# Assignment
Starting from the line with "Figure 8. Satellite" and going up to and including the line with "Illuminated Esther Scroll, III, 9, 18th", copy the listing below exactly. Leave all images out.
-- Opening Marker --
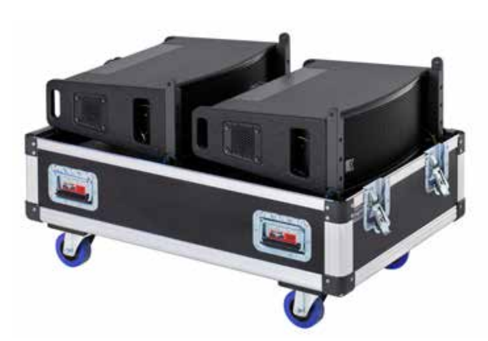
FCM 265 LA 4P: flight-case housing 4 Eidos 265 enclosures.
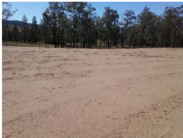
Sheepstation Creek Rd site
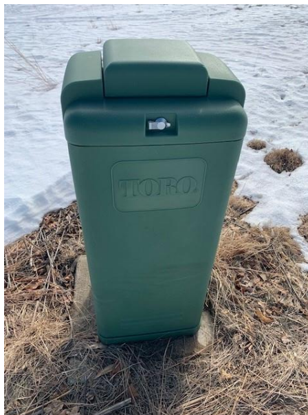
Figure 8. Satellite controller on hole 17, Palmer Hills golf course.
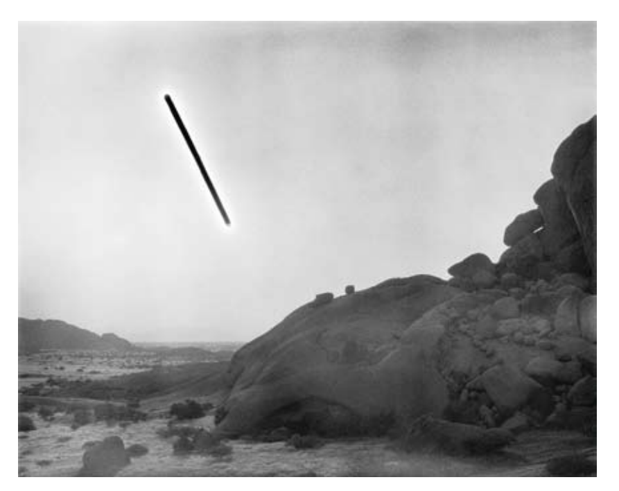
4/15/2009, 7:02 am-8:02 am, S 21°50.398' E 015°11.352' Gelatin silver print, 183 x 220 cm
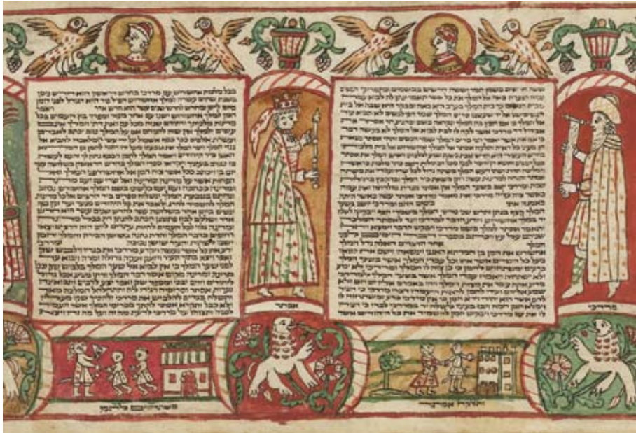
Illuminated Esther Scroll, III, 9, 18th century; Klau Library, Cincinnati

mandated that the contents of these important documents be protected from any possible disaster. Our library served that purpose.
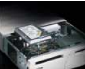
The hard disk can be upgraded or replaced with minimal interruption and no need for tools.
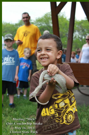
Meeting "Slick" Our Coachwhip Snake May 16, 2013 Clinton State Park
-- Closing Marker --
# Answer to the problem
Figure 8. Satellite controller on hole 17, Palmer Hills golf course.
4/15/2009, 7:02 am-8:02 am, S 21°50.398' E 015°11.352' Gelatin silver print, 183 x 220 cm
Illuminated Esther Scroll, III, 9, 18th century; Klau Library, Cincinnati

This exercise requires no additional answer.